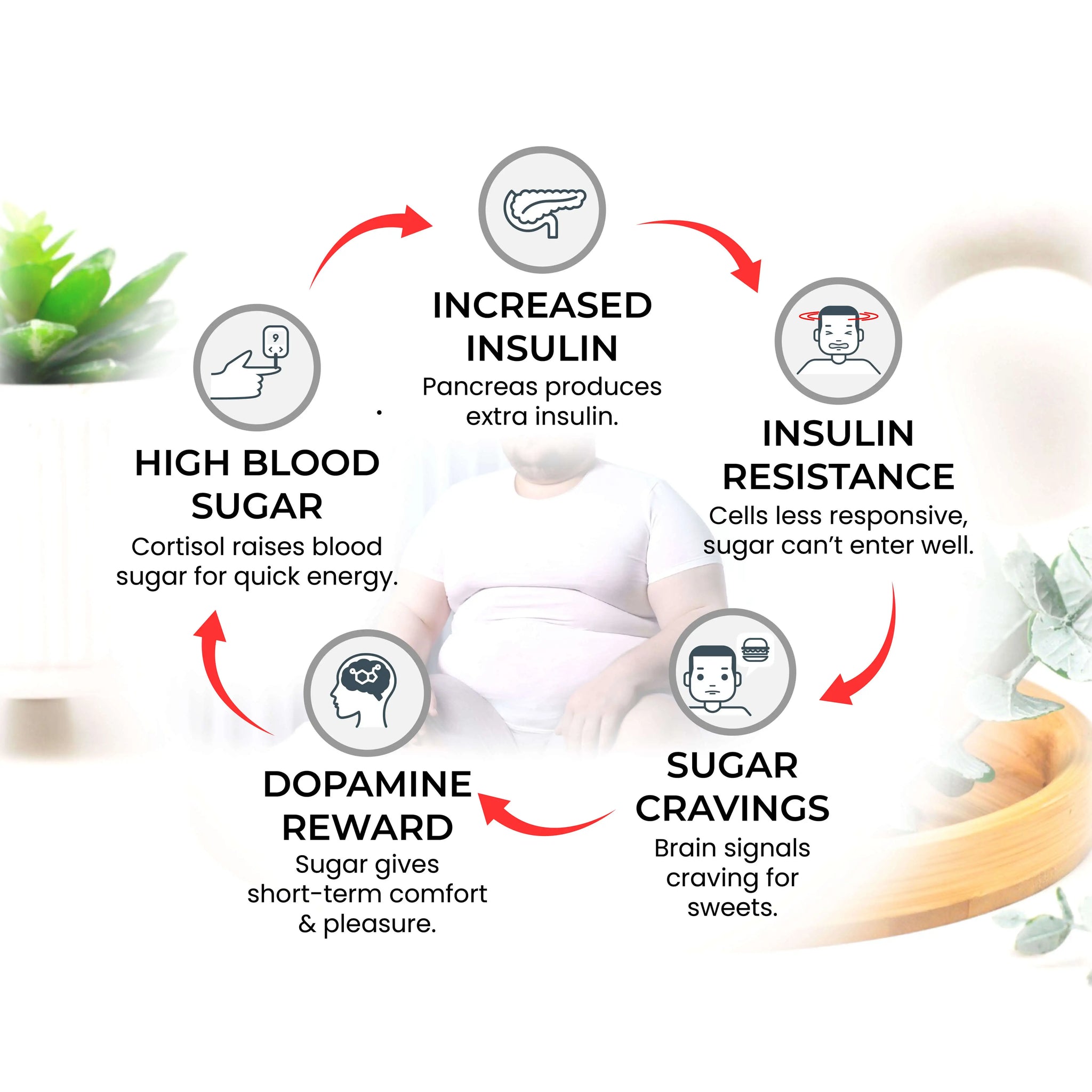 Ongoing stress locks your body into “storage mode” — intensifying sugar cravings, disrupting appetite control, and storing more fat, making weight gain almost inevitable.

---

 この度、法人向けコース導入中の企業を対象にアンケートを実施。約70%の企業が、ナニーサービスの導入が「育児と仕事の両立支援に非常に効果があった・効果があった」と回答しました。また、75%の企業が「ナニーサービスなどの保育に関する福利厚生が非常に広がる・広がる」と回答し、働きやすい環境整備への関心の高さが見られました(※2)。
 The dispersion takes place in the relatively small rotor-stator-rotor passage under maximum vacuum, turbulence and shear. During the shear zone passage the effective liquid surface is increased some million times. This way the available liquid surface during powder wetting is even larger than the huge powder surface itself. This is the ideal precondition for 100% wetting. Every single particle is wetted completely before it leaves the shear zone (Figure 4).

> TASK: In the entries above, restate word for word the lines between the one holding "この度、法人向けコース導入中" and the one holding "The dispersion takes", inclusive, and nothing besides.

> EXERCISE SOLUTION:
 この度、法人向けコース導入中の企業を対象にアンケートを実施。約70%の企業が、ナニーサービスの導入が「育児と仕事の両立支援に非常に効果があった・効果があった」と回答しました。また、75%の企業が「ナニーサービスなどの保育に関する福利厚生が非常に広がる・広がる」と回答し、働きやすい環境整備への関心の高さが見られました(※2)。
 The dispersion takes place in the relatively small rotor-stator-rotor passage under maximum vacuum, turbulence and shear. During the shear zone passage the effective liquid surface is increased some million times. This way the available liquid surface during powder wetting is even larger than the huge powder surface itself. This is the ideal precondition for 100% wetting. Every single particle is wetted completely before it leaves the shear zone (Figure 4).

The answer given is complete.